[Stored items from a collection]
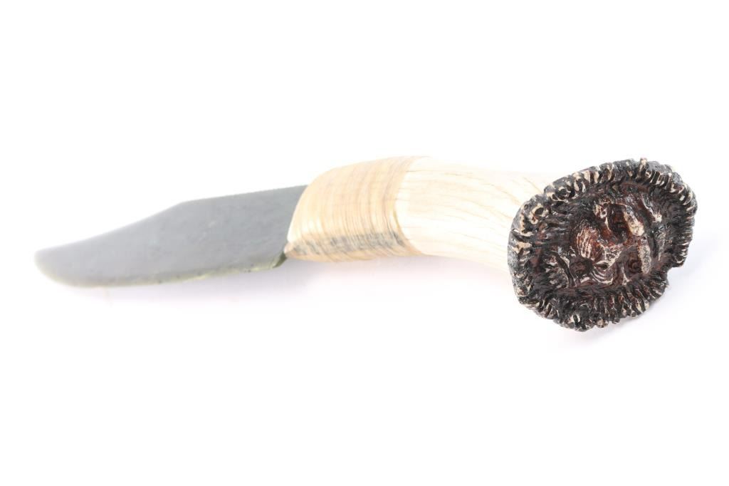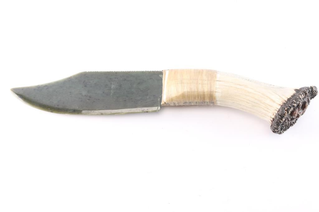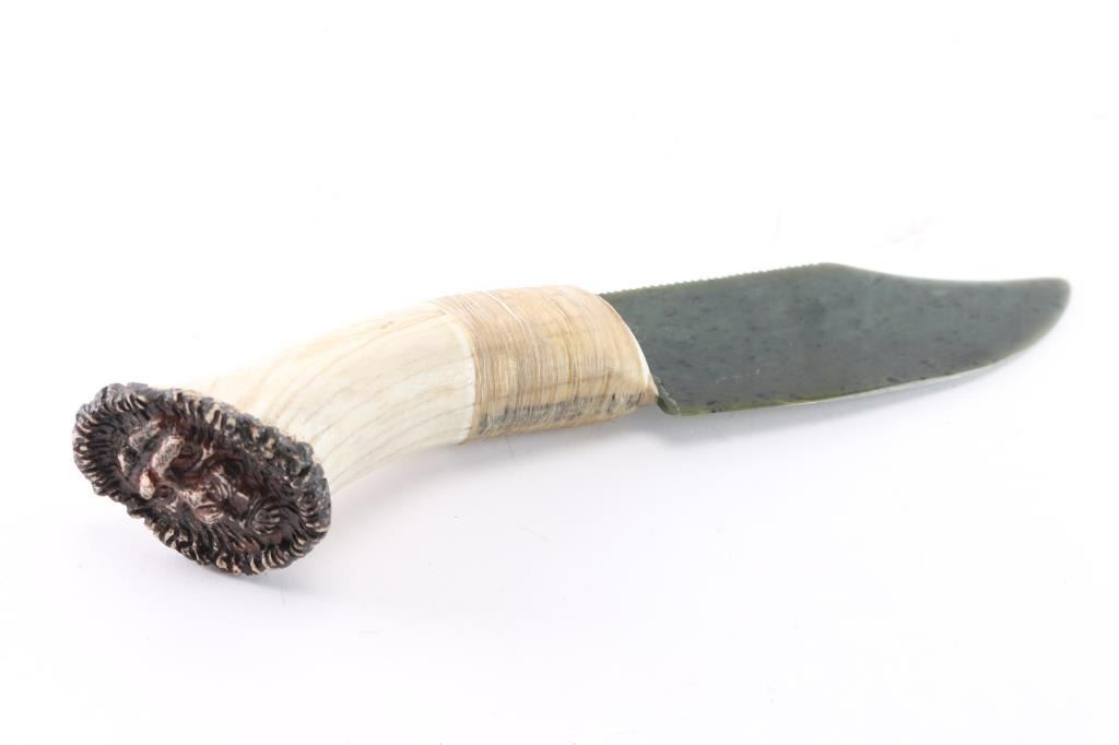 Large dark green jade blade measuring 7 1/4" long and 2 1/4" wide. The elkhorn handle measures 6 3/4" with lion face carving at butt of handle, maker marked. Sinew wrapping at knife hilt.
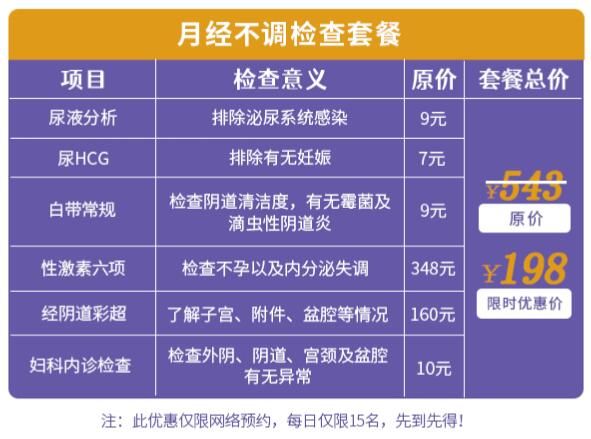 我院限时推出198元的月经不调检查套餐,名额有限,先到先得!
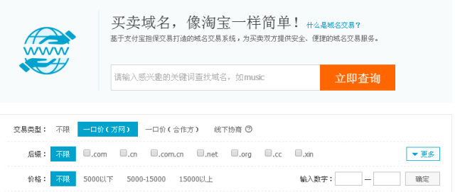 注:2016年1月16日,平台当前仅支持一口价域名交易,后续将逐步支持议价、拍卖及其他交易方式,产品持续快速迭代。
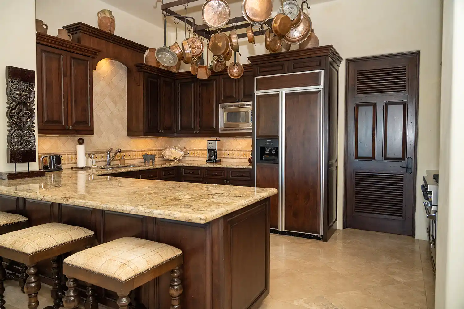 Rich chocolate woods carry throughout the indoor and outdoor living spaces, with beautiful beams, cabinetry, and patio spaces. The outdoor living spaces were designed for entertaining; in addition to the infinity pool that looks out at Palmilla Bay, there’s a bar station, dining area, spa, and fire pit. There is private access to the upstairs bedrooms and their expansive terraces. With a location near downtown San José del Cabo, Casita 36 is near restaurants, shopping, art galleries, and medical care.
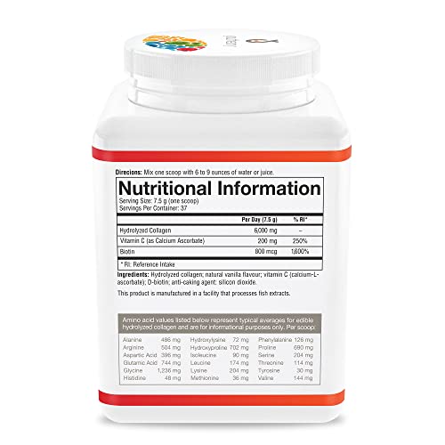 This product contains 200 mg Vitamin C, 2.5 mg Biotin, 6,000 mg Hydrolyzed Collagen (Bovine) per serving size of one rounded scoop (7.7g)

* **Required work**: The lines from the one containing "Rich chocolate woods" through the final line of the data are to be repeated exactly, with both ends included and all pictures left out.

* **Response**:
 Rich chocolate woods carry throughout the indoor and outdoor living spaces, with beautiful beams, cabinetry, and patio spaces. The outdoor living spaces were designed for entertaining; in addition to the infinity pool that looks out at Palmilla Bay, there’s a bar station, dining area, spa, and fire pit. There is private access to the upstairs bedrooms and their expansive terraces. With a location near downtown San José del Cabo, Casita 36 is near restaurants, shopping, art galleries, and medical care.
 This product contains 200 mg Vitamin C, 2.5 mg Biotin, 6,000 mg Hydrolyzed Collagen (Bovine) per serving size of one rounded scoop (7.7g)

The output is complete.